A scam comes in many forms, but this one was over the top.
When Mammoth resident Irene Molloy realized Monday that the man who coerced her to send him $10,000 had been calling her “Grandma” instead of “Nana,” she realized she’d been had.
“I was sitting in a chair afterward, trying to regain my thinking, and I remembered,” she said. “He was the only grandchild I had that called me ‘Nana’ not ‘Grandma.’”
But it was too late. The money, wired to Lima, Peru, where a man claiming to be John Molloy had told her he would go to jail if she didn’t send the money, was gone.
“I kissed that money goodbye right then,” she said ruefully.
“I feel like such an idiot,” she said, “but he sounded exactly like John. He knew John’s friends, he knew the names of our family … he knew a lot.”
Even after the man called a third time early Tuesday morning to ask her for yet more money – by then she had uncovered the scam and reported it to Mammoth police – she said she could have sworn from just the man’s voice that it was her grandson.
“It still sounded just like him,” Molloy said. “He said, ‘Grandma, I’m OK but I’ve missed the plane home.’ Then he said he needed more money. But when I asked him for his phone number, he hung up on me and he hasn’t called me back since then.”

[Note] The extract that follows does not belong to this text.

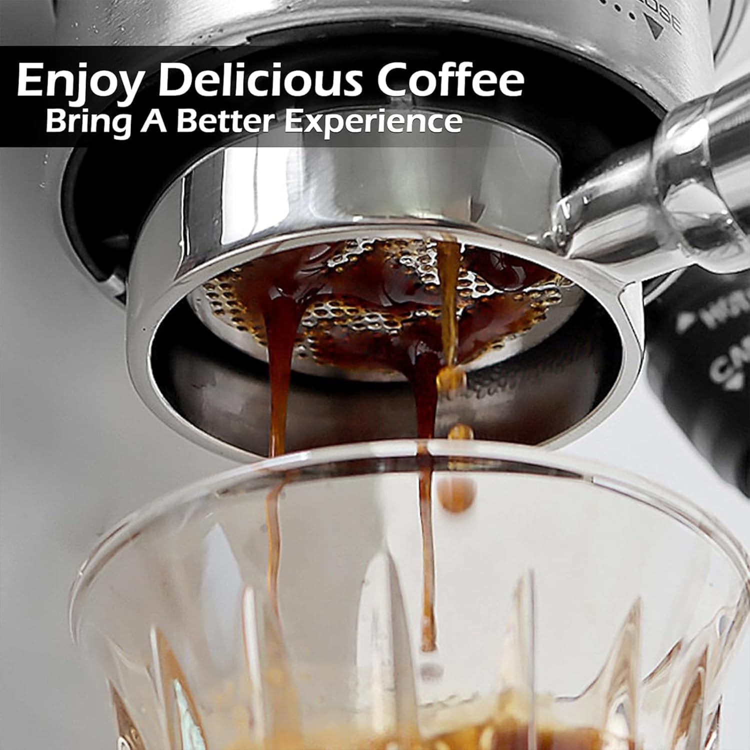 - 【Simple to use】After putting the coffee powder into the portafilter and place the coffee dosing funnel on top,Stir it evenly with the WDT tool,and then distribute and mash it.Finally, put the coffee puck screen on the portafilter and extract.Very easy to use, which helps you make delicious and mellow coffee drinks.

Molloy has a landline phone with no caller ID. There was no way for her to identify where the caller was calling from or she would have given the police that information, she said.

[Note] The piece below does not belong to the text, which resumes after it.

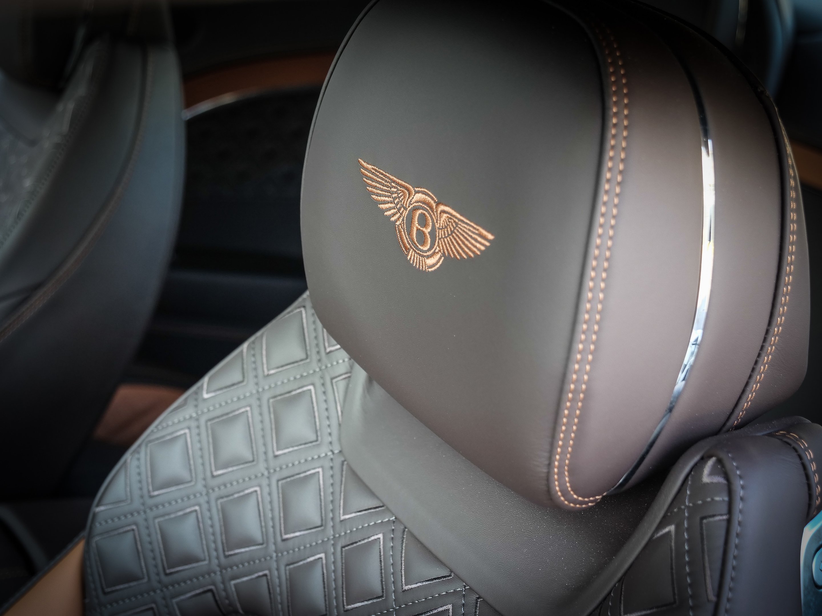 LED Welcome Lamps, Touring Specification, Parking Heater, Front Seat Comfort Specification, Panoramic Glass Roof, Bang & Olufsen for Bentley, Bentley Rotating Display, Sports Pedals, Model Year 2023, Chrome Pinstripe to Fascia and Door Waistrails, Colour Specification, Deep Pile Overmats - Front, Diamond Knurling, Main Paint - Titan Grey, Main Trim - SaddleLeather Specification with Diamond Quilting, Heated Duo-Tone 3 Spoke Hide Trimmed Steering Wheel, Styling Specification, 22\\" Ten Spoke Sports Wheel - Black Painted
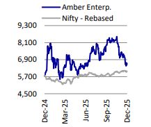 Consume durable segment demand has recovered on QoQ basis, but the RAC industry is still facing inventory issues. The company expects growth to pick up during 2HFY26, with a likely rebound expected during 4Q. Channel inventory remains high in the system. However, RAC industry will also witness BEE rating change from 1st Jan’26, leading to higher product prices, and hence, demand for earlier-rating products can see further uptick in the remaining 3QFY26. Higher copper prices and currency fluctuations can dent margins as these costs are generally passed on with a quarter’s lag. Overall, Amber expects to outperform industry growth by 10-15% as RAC industry is likely to remain flat in FY26 and as the company has expanded its product portfolio, which now includes a full CAC range up to 17.5 tons, and is scaling up component business. We expect consumer durable segment to grow by 11% in FY26.

“I think they target older people who live alone,” she said. “If I had been living with someone, I think I would have talked it out, and figured it out sooner.”
The man’s story was compelling and believable, she said. He asked her first for money to cover a car insurance check that he had sent to Peru but that was not there yet. He told her then he was in Lima for a wedding of a fraternity brother, and he named friends that she recognized.

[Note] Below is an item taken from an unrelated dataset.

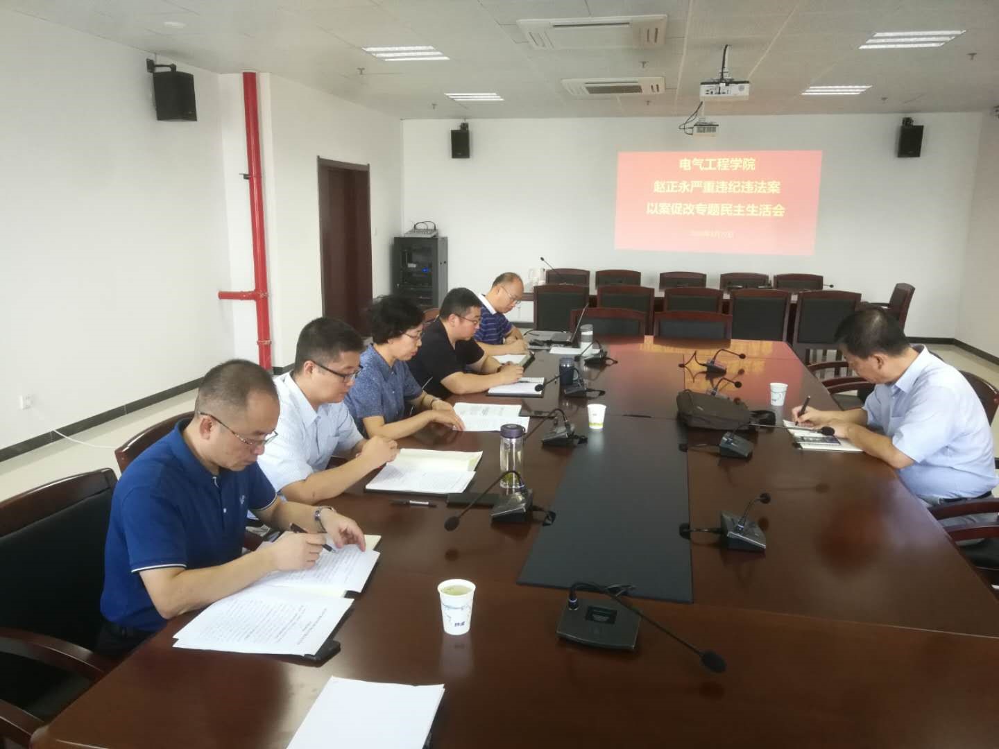 2020年8月27日下午,电气工程学院赵正永严重违纪违法案以案促改专题民主生活会在曲江校区综合教学实验楼1211会议室召开,会议由李虹书记主持,副校长刘军到会予以指导。

The caller also told her not to tell his parents he was in Peru because he didn’t want them to worry about him. Then, when she bit that one, he called again several hours later and said he’d been in a car accident and destroyed a city street light pole. If he didn’t pay for the street pole, he was going to jail, he told Molloy.
“And I’d had friends in foreign countries ending up in jail for reasons like he gave me, so I knew it was possible,” she said.
She said she’s been targeted by other people trying to get money from her, but never by someone who sounds just like someone she knew, or, someone who knew as much about her and her family as this caller did.
“I think they must have gotten the information from all those social networking sites,” she said. “People put everything about themselves up on those sites. And I know now that you can alter people’s voices electronically to make them sound different. He could have gotten all of the information about John’s friends that way. I even asked him Monday who he was there with, and he told me a name I recognized. In retrospect, I can see what happened. But when you get a call like that, when you think your grandson is in trouble and could go to jail in a foreign country, you aren’t emotionally stable.
“Even the way they handled it, putting me on the line for the wire transfer with someone with no accent, seemed plausible,” she said. “I think it’s being done by Americans.
“I thought about not telling anyone about this because I am embarrassed, but then I decided I want other people to know about this,” Molloy said. “I’ve always prided myself on being aware and intelligent, but I wasn’t expecting something like this.”
Mammoth Lake Police Chief Dan Watson has seen it all, after decades in law enforcement. But this type of scam was something new, even to him.
“The elderly (in particular) are sometimes victims of embezzlement scams,” Watson said. “But I’ve never heard of one like this, where the suspect had knowledge about the victim’s grandson. This case was different because it involved two phone calls. The victim asked a series of questions and got responses that caused her to believe it was her grandson.
“That indicates this was a more sophisticated scam than the emails people get from someone in an African nation asking for your assistance in disbursing funds, or an Instant Message from a friend who claims their wallet was stolen while on vacation.
“Taking advantage of someone like this grandmother is despicable,” he said. “If someone gets a request that doesn’t seem right, as was the case here, they should go with their instincts and try to verify the information being provided. The Internet has now become a common way of approaching potential victims.”
As for Molloy, now out some $10,000 that she could ill afford to lose, she’s counting her blessings. After talking about it to friends and family, she realized a similar scam is going around other areas, which is why she decided to talk about it in public. Now, it’s time to move on.
“It’s a blow, but like my daughter and I were saying, it’s still only money,” she said. “Everyone in my family is alright, their health is good. That’s more important than anything else.”